Segment Start: Data segment

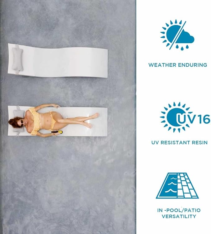 - SAFE FOR ALL POOLS - Whether your pool is saltwater or chlorine, vinyl or fiberglass, commercial or residential, this in-pool lounger works in depths up to 15” of water; or stay dry and lounge on decks, patios and wherever you choose to relax, pool not required.
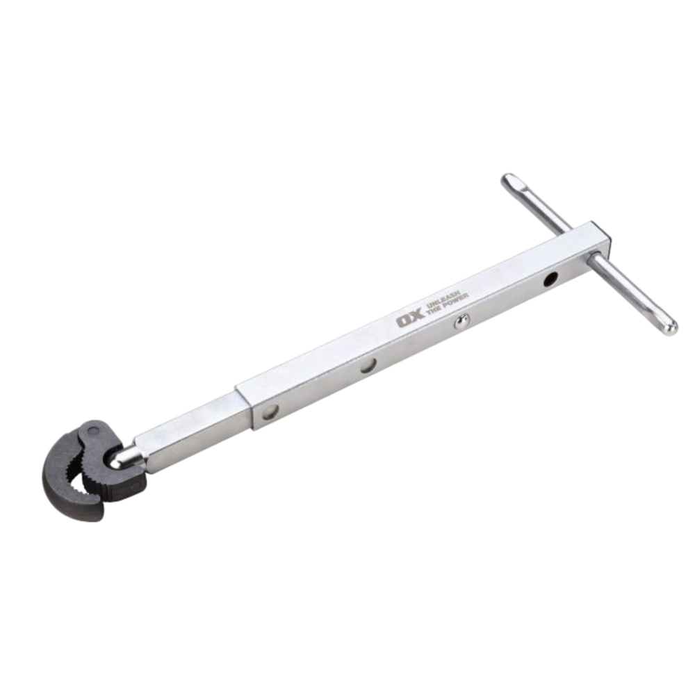 The OX Pro Adjustable Basin Wrench is a telescopic basin nut wrench that comes with a teversible jaw for easy access. This flexible wrench comes with 4 adjustment sizes at a range of 10 to 32mm jaw capacity.
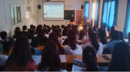 徐长江通过宣传PPT和视频为学生介绍了马来西亚的社会习俗以及文化背景,并展示了马来西亚玛拉工业大学的师资情况和申请条件,说明了国际英语教师培养项目的重要意义,通过详细的数据说明近年来读研、考硕的重要性,向学生说明了海外留学也是毕业去向选择的较好路径。
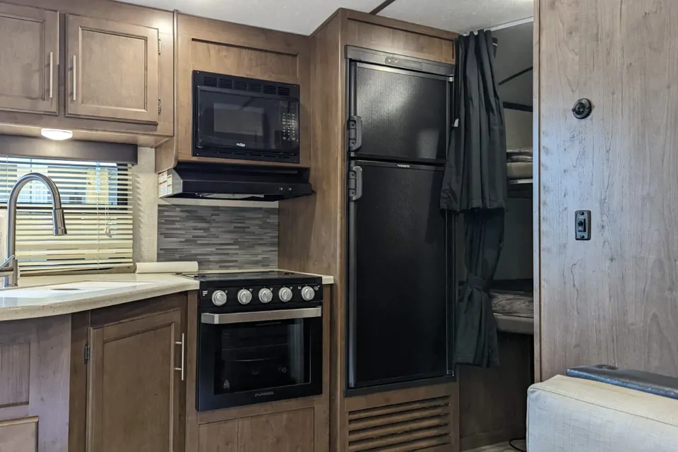 Other features include a convection/microwave oven, 8 cu ft fridge and freezer, separate indoor and outdoor shower, 32 inch LED TV,  bathroom, shower, stereo, 13 foot power awning and ample storage inside and out.Outdoor BBQ fridge. This unit sleeps up to 6 adults and 2 children.

Segment End: Data segment

Task instructions
Your copy should hold exactly and only the lines from the one containing "徐长江通过宣传PPT和视频为" through the end of the material, inclusive, repeated word for word and without pictures.

Answer space
 徐长江通过宣传PPT和视频为学生介绍了马来西亚的社会习俗以及文化背景,并展示了马来西亚玛拉工业大学的师资情况和申请条件,说明了国际英语教师培养项目的重要意义,通过详细的数据说明近年来读研、考硕的重要性,向学生说明了海外留学也是毕业去向选择的较好路径。
 Other features include a convection/microwave oven, 8 cu ft fridge and freezer, separate indoor and outdoor shower, 32 inch LED TV,  bathroom, shower, stereo, 13 foot power awning and ample storage inside and out.Outdoor BBQ fridge. This unit sleeps up to 6 adults and 2 children.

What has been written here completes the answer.